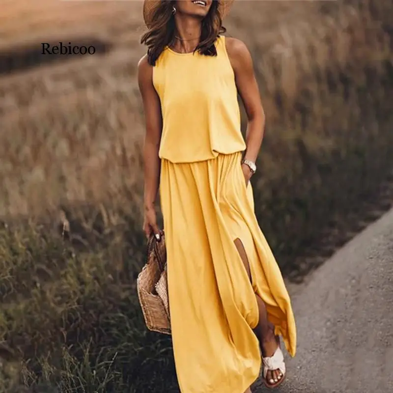 Женское свободное платье макси, с разрезом, с эластичной талией, без рукавов, весна-лето, размера плюс
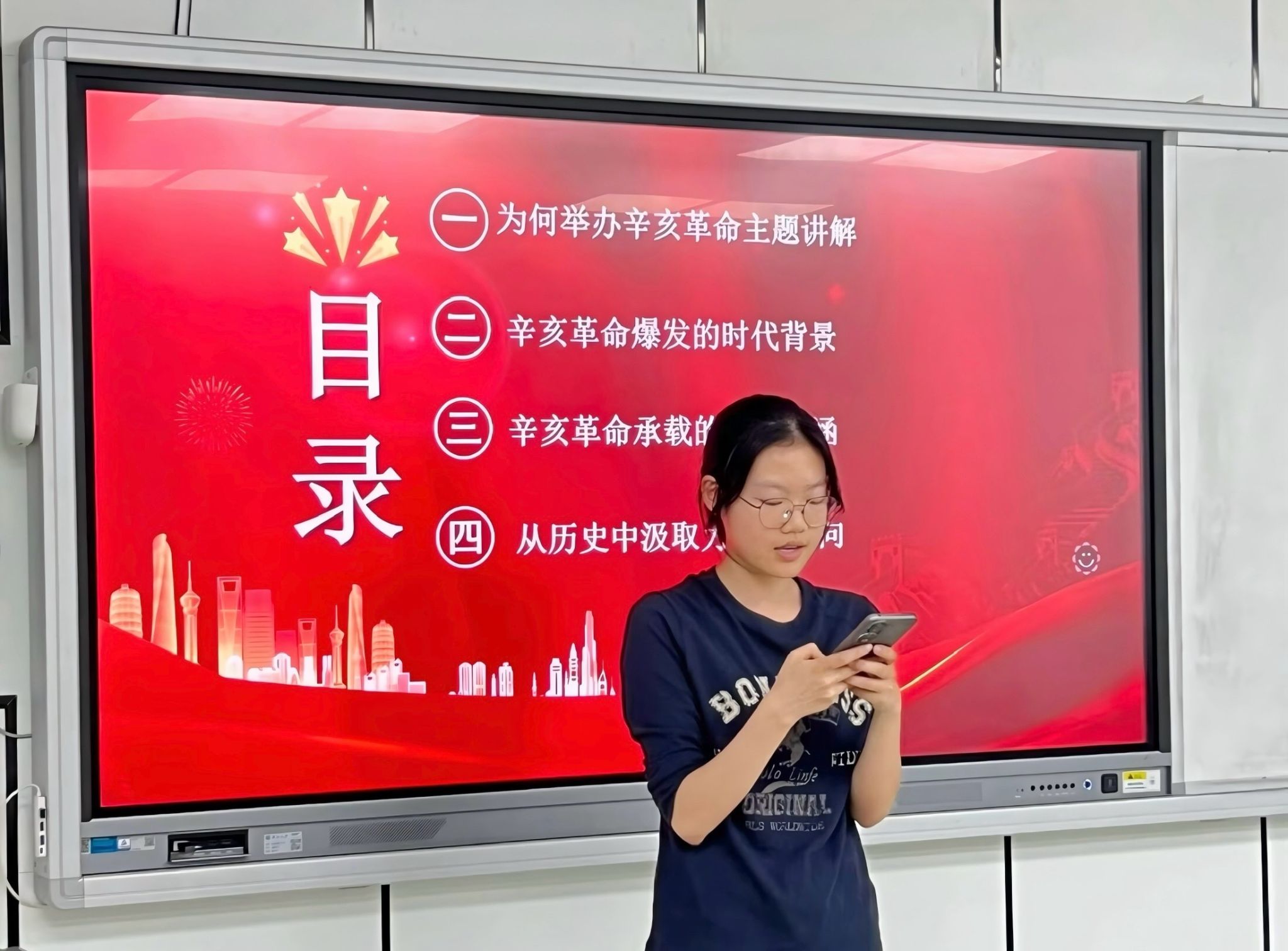 随后,全体同学共同观看辛亥革命主题视频,影片中“驱除鞑虏,恢复中华”等口号,如春风般唤醒了沉睡的民族意识,无数革命志士怀着对祖国的赤诚热爱,为实现国家独立与人民幸福而投身革命事业,甚至不惜献出宝贵生命。同学们深切体会到,这场革命虽未能彻底改变当时中国的社会面貌,但它为后续的变革和发展奠定了坚实的基础。
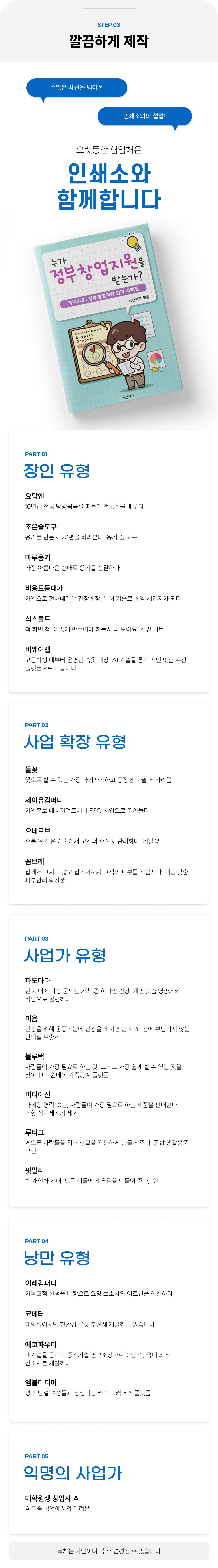 직접 취재를 진행하며, 정말 이런 사람들이 사업을 하는 거구나 싶었던 대표님들을 중심으로 책을 구성하였습니다.

#### WHAT IS REQUIRED:
Return every line above verbatim, pictures excluded.

#### YOUR SOLUTION:
 Женское свободное платье макси, с разрезом, с эластичной талией, без рукавов, весна-лето, размера плюс
 随后,全体同学共同观看辛亥革命主题视频,影片中“驱除鞑虏,恢复中华”等口号,如春风般唤醒了沉睡的民族意识,无数革命志士怀着对祖国的赤诚热爱,为实现国家独立与人民幸福而投身革命事业,甚至不惜献出宝贵生命。同学们深切体会到,这场革命虽未能彻底改变当时中国的社会面貌,但它为后续的变革和发展奠定了坚实的基础。
 직접 취재를 진행하며, 정말 이런 사람들이 사업을 하는 거구나 싶었던 대표님들을 중심으로 책을 구성하였습니다.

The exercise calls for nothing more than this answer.